- HOW TO COMPLETE THIS TASK
Your answer must consist of every line from the data below that includes the word "with".

- GIVEN RECORDS
○ ○ ○ ○ ○
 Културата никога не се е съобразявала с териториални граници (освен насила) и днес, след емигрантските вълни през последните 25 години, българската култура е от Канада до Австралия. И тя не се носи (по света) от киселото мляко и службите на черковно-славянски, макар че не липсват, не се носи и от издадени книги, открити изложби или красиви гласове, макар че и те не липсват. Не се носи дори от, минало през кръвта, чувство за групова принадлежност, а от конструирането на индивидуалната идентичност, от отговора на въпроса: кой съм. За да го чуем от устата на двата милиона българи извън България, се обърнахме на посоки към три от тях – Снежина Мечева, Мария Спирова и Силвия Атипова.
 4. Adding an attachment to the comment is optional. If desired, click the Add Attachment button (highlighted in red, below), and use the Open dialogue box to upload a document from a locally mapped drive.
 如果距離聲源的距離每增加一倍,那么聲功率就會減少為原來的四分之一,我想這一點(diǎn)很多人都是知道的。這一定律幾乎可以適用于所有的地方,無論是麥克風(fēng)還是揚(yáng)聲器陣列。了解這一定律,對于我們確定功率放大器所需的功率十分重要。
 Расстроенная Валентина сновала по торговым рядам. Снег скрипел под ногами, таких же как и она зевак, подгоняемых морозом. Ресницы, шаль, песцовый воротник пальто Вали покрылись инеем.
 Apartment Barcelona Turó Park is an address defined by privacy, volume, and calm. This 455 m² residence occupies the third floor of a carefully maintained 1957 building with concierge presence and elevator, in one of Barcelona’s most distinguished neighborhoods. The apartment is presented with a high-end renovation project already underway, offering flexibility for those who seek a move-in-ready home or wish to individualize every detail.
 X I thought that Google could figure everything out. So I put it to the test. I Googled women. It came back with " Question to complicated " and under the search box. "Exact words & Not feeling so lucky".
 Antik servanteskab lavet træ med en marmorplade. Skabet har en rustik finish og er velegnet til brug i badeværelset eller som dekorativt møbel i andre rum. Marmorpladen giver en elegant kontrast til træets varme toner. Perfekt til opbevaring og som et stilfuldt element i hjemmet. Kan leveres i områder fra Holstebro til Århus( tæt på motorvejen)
○ ○ ○ ○ ○
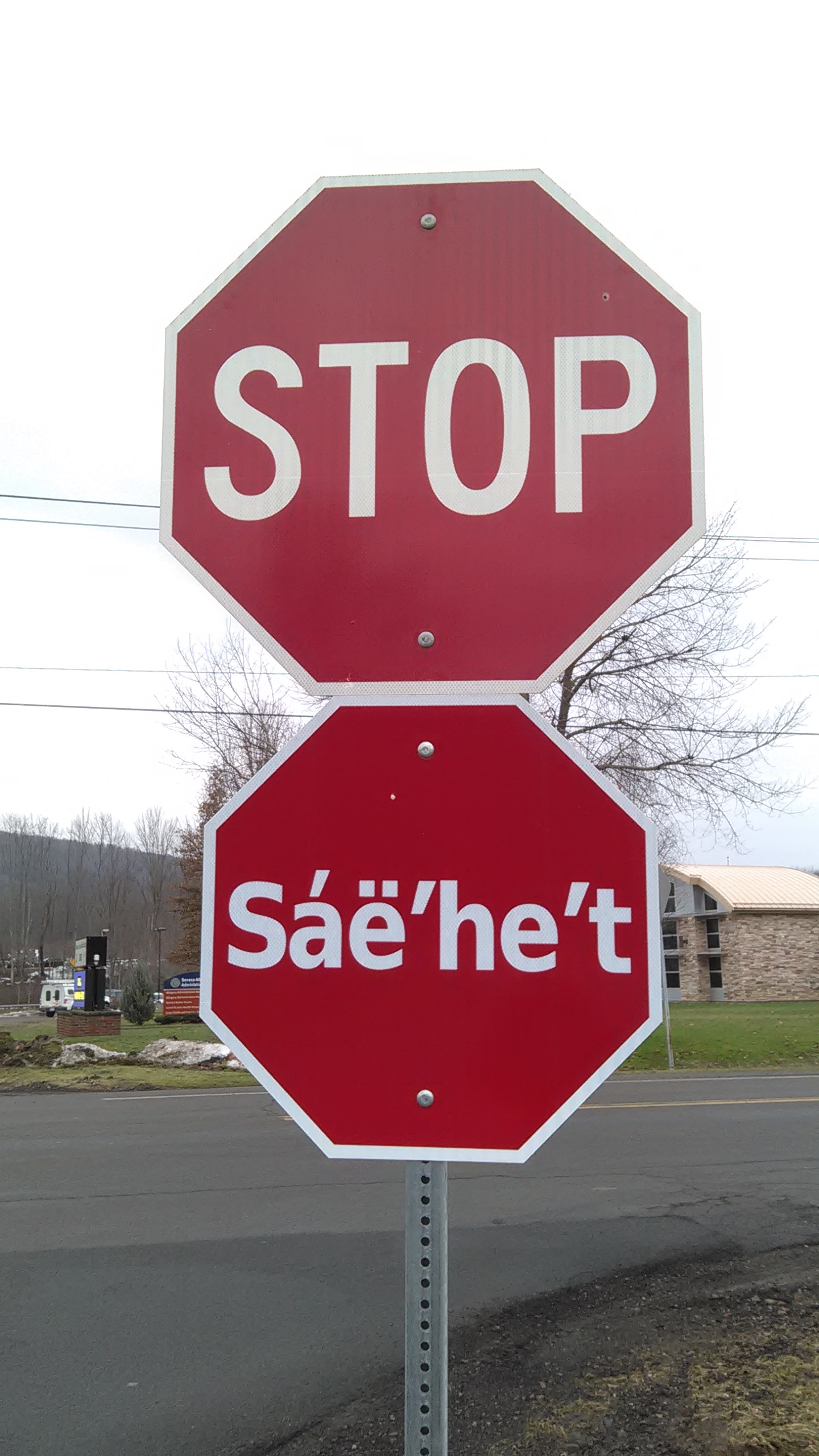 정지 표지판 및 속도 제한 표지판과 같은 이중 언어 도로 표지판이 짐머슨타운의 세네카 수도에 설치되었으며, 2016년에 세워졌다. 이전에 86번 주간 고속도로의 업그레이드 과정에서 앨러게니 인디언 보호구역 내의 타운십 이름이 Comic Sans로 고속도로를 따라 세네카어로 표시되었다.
○ ○ ○ ○ ○
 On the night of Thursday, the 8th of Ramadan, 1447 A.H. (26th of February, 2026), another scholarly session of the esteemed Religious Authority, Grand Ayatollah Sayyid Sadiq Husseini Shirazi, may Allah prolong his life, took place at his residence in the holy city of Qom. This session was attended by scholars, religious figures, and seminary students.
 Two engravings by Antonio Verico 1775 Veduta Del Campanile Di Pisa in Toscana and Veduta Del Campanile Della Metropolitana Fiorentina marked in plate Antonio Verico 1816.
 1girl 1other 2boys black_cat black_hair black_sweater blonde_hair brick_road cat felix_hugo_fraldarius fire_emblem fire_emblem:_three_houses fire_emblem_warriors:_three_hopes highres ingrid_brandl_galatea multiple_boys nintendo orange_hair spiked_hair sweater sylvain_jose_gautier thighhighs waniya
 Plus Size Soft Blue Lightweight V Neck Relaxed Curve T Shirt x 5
○ ○ ○ ○ ○
- FINAL ANSWER
 Apartment Barcelona Turó Park is an address defined by privacy, volume, and calm. This 455 m² residence occupies the third floor of a carefully maintained 1957 building with concierge presence and elevator, in one of Barcelona’s most distinguished neighborhoods. The apartment is presented with a high-end renovation project already underway, offering flexibility for those who seek a move-in-ready home or wish to individualize every detail.
 X I thought that Google could figure everything out. So I put it to the test. I Googled women. It came back with " Question to complicated " and under the search box. "Exact words & Not feeling so lucky".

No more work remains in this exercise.